The world’s first set of carbon-offset kiosks is the latest in California’s many environmental initiatives. The three Climate Passport kiosks are at the San Francisco International Airport—two in the International terminal and the third in Terminal 3.
How it works
Carbon offsets, as the name implies, calculates the amount of carbon a particular activity generates; consumers can “pay” an amount that will be used to “offset” the greenhouse gases that the said activity produces. At the SFO kiosks, for example, people can enter details of their flights, and the kiosk calculates the dollar “carbon cost” of that flight, using various parameters such as the amount of greenhouse gas the flight generates and the number of passengers on the flight.
At the SFO kiosks, a user can purchase the offset for a flight using cash or a credit card. The offsets are used to fund two projects: The Conservation Fund’s Garcia River Forest Project and the San Francisco Carbon Fund. The Garcia River Forest Project aims to restore and maintain the Garcia River Forest in California, which is estimated to absorb and store 4.2 million tons of carbon dioxide. The San Francisco Carbon Fund is a city-based initiative that supports greenhouse emission reduction projects. For every ton of CO2, $12 goes to the Garcia River Forest Project and the remaining $1.50 to the San Francisco Carbon Fund.
The company that sets up and manages the kiosks, 3Degrees Inc., has purchased a large quantity of carbon offsets from the projects, and the kiosk is one outlet for it, says Steve McDougal, executive vice president of marketing and business development at 3Degrees Inc., which is located in San Francisco.
The kiosk itself was an idea proposed by the office of the Mayor of San Francisco. It is in keeping with the airport’s other green initiatives, including discounts for renting hybrid cars, and the installation of solar panels for generating power.
McDougal says that the kiosk is an excellent awareness tool as well. “You’re not going to get every person that passes the kiosk [to purchase the offsets],” he says. “Even if they wonder what it is and find out, that’s progress.”
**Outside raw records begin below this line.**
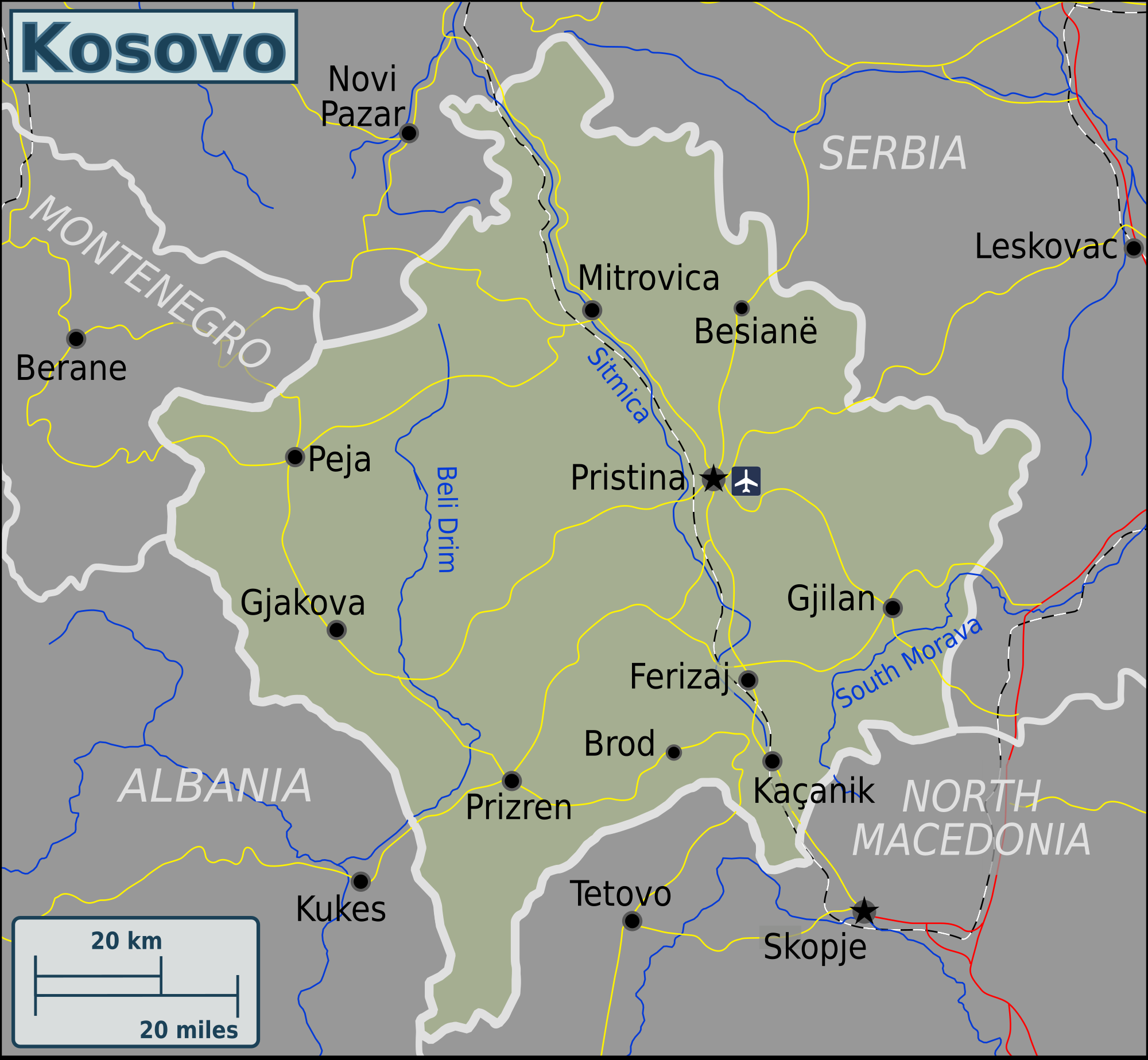 Map of Kosovo for use on Wikivoyage, English version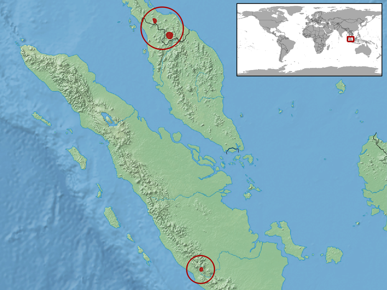 geographic distribution of Boiga bengkuluensis (Native: Indonesia (Sumatera); Thailand)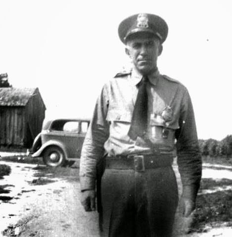 PVT Edward Dennis Merson, PGPD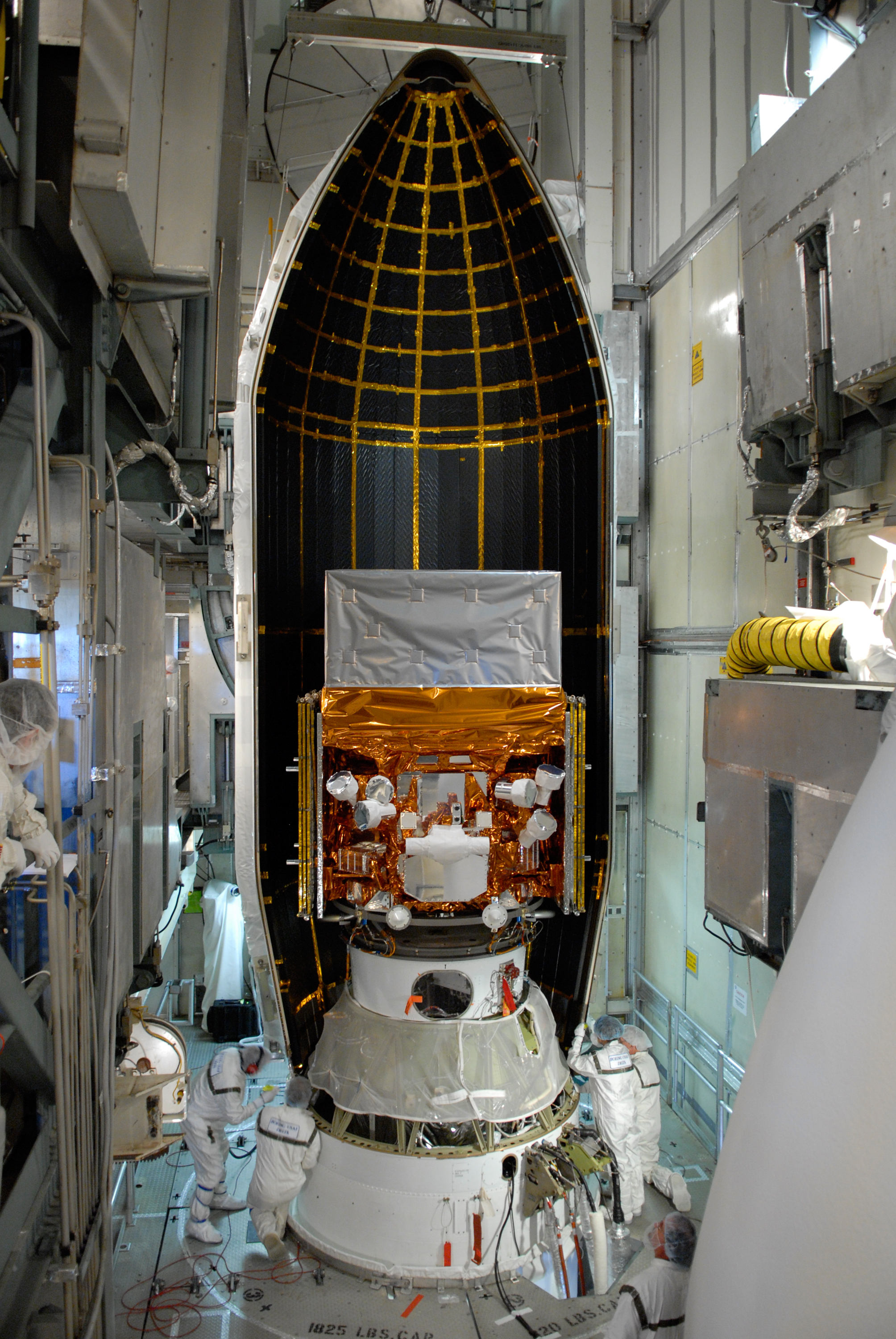 The first half of the payload fairling is installed around the Fermi Gamma-ray Space Telescope (GLAST) satellite.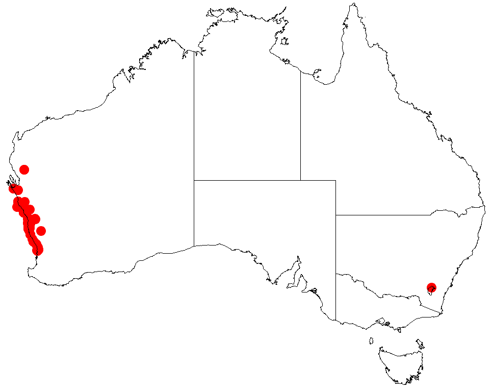 Acacia xanthina occurrence data from Australasia Virtual Herbarium downloaded from on 8 December 2018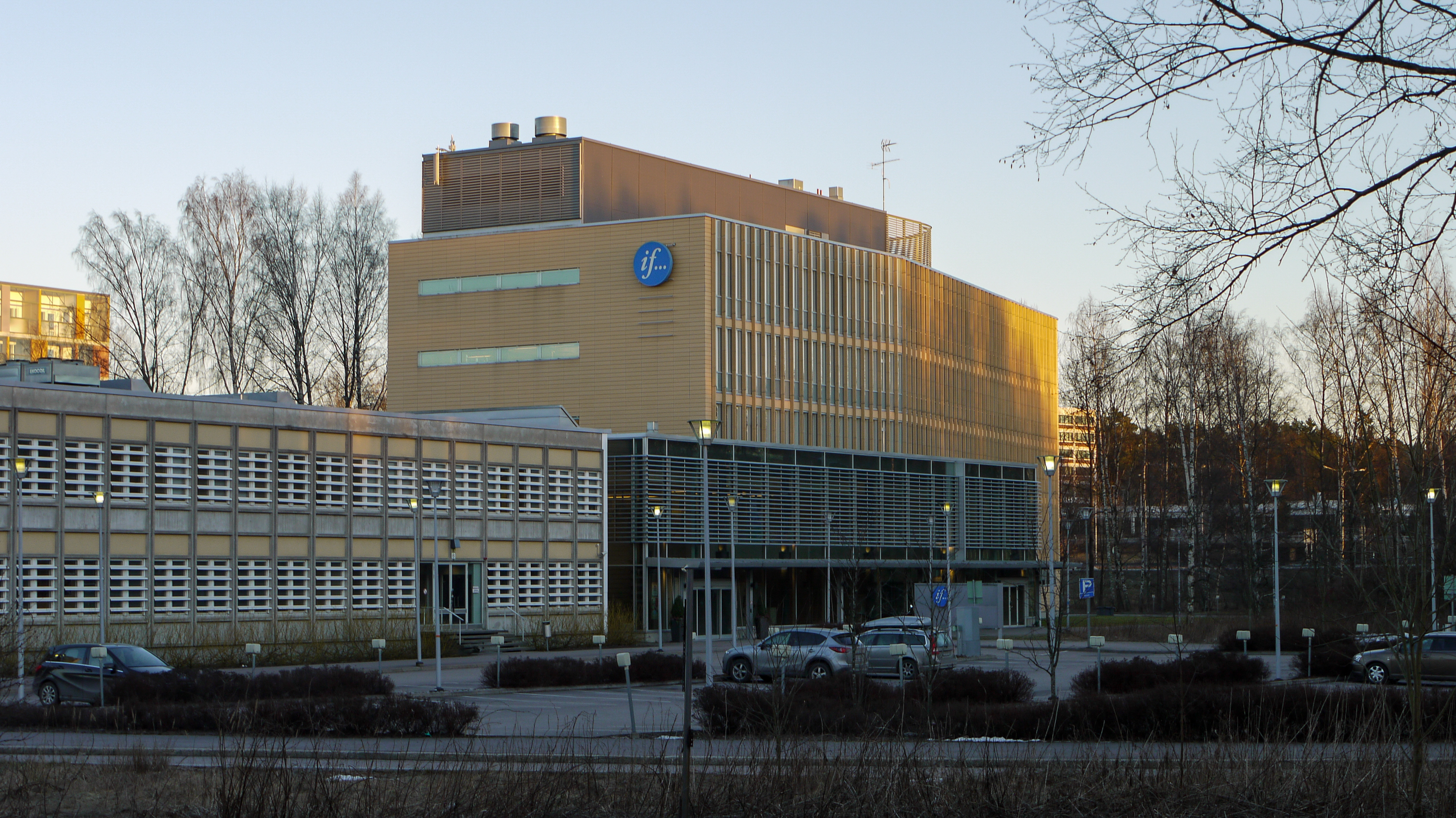 Headquarters of the insurance company If in Niittykumpu, Espoo, Finland.

Michael McCarron, director of community affairs at the airport, says that the wide variety of people that pass through airports make it an ideal location for a kiosk of this kind. The response to the kiosk has been mixed, he adds. “Some people think it’s a great idea, and some think it’s stupid,” he says.
Some of that criticism stems from the fact that buying carbon offsets is seen by many as environmentally irresponsible, because it encourages people to “buy off” their environmental damage with money.
Also, carbon offsetting is still a business with no specific standard. For instance, companies that calculate carbon emissions often come up with widely varying results for the same flight. In a recent survey conducted by EcoBusinessLinks.com, carbon offset calculations for a per-passenger New York-Los Angeles flight ranged from 4.94 to 0.84 metric tons of CO2 (Climate Passport calculates 1.66). What’s more, the offset price is not fixed, and verification organizations set their own prices.
While 3Degrees’ rate of $13.50 per metric ton of CO2 is on the higher side, McDougal says that the cost reflects the absolute reliability that the company provides. While the San Francisco project has progressed smoothly, McDougal says that future plans really depend on their partners. “If there is another city that would like to make the kiosk available to their customers, then we would [want to be part of that] as well,” he says.